Cats and Birds Letterpress Note Cards

I was working on a book project and had to ink up the press to print a single page(!) I had missed somehow, so I decided to piggyback a card project with the page. But, of course, I had to print some background colors first with a fresh linoleum block. Afternoon tan and purple dawn on white cotton printmaking paper, and then simply the engravings on tan cotton printmaking paper, each with the deckle intact on the front.



An intermingling of projects, these. I had wanted to make cards anyway.

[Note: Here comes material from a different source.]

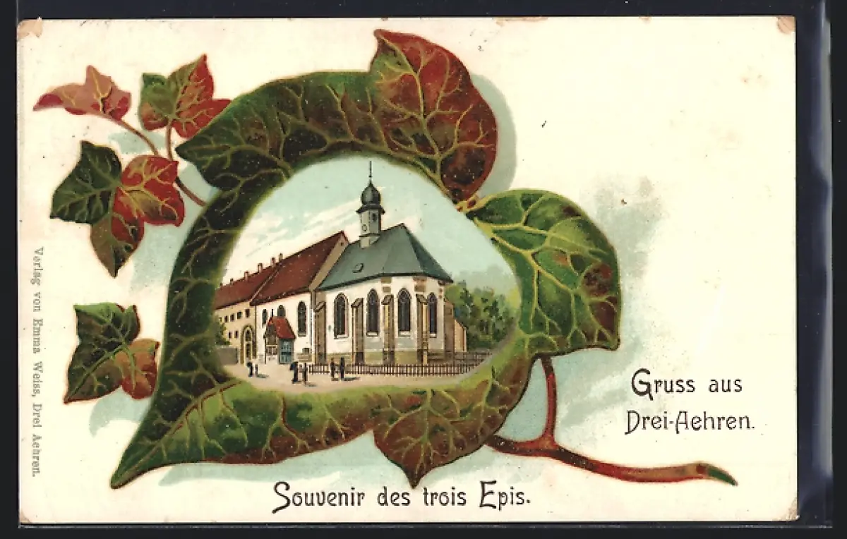 AK Trois Epis, Vue de l`église entourée de feuilles

The engravings are from a book I did in 1998, called, The Golden Beak, from my drawings. Photos and instructions on how to make the structure are in my 2001 instructional book, Unique Handmade Books.


With the cards you can see all of the bird and cat drawings at once. The cards are up at nevermindtheart, links at cat and bird, if you like.

old style zinc engravings

Comments

Anna said…
so nice to see. You make me want to print again!

We once did a zinc plate in 2 layers. So like yours but then add another round of protective stuff and put it back in the acid bath.
We then rolled each layer with its own roller. So three consecutive rollers on one plate, before printing.
Each roller had a different firmness so the first roller would hit the deepest layer and ink it and a next roller would not get as deep and would only hit the second and top layer and ink those.
You could only move each roller once across the plate, as it would pick up ink from the layers it reached.
That is why we also used different viscosity of the inks, so the second and third roller would leave more of their ink on the topmost layers than they picked up. I forgot if this needs more fluid ink or less fluid ink.
So three layers, three rollers, three viscosities. One plate rolled three ways and only then printed. This way there's no need to registrar and lines are perfect next to each other.
It was amazing. It was a course at Bergen, Norway, academy.
Alisa said…
Thanks, Anna. Sounds like a wonderful course! I love the look of viscosity printing.

The closest I've gotten to it is inking up the letterpress and then going in by hand with a brayer and second or third color before printing, but harder to do this way as the rollers then pick up the other colors and work it in if you don't disengage the rollers often. So many ways to print!